In fact, this is the classic definition of the neurotic. The neurotic is a
person who encounters offensive, frightening scenes and backs away. We all
do this, but the neurotic will keep backing away until there is no further
back to go, becoming deeply compressed within themselves, and no longer
venturing out the front door, no longer touching anything without washing
their hands, no longer peering over steep cliffs or into foreign eyes.
Societies too become neurotic, become paranoid, and then begin trying to
control everything, the media, the way children are raised, what we eat and
drink, who we talk to and when. Modern societies have tried to do away with
these tyrannical systems, but in doing so have not replaced them with
anything, and so our values have become confused, conflicted, fickle. One
group tries to save trees, and another tries to save the jobs so they can
feed their family. The higher, synthetic truth that will bring together
opposites is harder and harder to find. When people don't have an inner
value to call on, they look around, see what the neighbors are doing, and
follow suite. There is no real inner status, so outward signs of status
become increasingly important to stabilize life in the flux.
Dreamworkers have always been aware of this condition of the retreating
self/society and the machines that keep it in place. Spiritual dreamwork
discusses these issues in terms of enlightenment and salvation. That is,
there is a veil of illusion we call our lives, and the paths that allow us
to transcend these illusions.
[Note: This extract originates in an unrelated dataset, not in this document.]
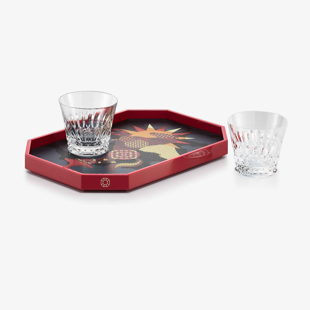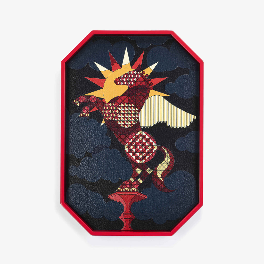 Baccarat’s small red Octogone tray takes on a bold new identity to celebrate the Year of the Horse in 2026. It features a removable insert crafted from recycled leather, enhanced with an original Pegasus illustration. Depicted in a majestic posture, the legendary winged horse stands proudly atop a Harcourt glass used as a pedestal — a nod to the Maison’s timeless icon. The drawing, composed of graphic, stylized lines, pays tribute to the precision of Baccarat’s master cutters. Meticulously handcrafted using ancestral artistry, the Octogone tray is a beautiful, lacquered piece, available in 3 sizes. Inspired by the Maison’s emblematic red octagonal pendant, it captures the light and accentuates the radiance of Baccarat crystal creations. The leather insert, in contrast with the brilliant surface, creates an elegant contrast of materials and textures. Both decorative and functional, the tray enhances every moment — a stylish interlude, drinks with friends, or a shared experience.

Psychological dreamwork discusses these
illusions in terms of neurosis and psychosis, and the appropriate level of
challenges and supports are set up to allow the individual to make choices
from places other than overwhelming affective/emotional states. Postmodern
dreamwork addresses these illusions more as social constructs and looks for
ways to subvert repressive forces and open up creative lines of escape. In
this view, the nightmare is not something for the subject to escape from,
but a path to escape the neurotic subject.
II.
What are those gaps in the dream, those shifting scenes of the dream?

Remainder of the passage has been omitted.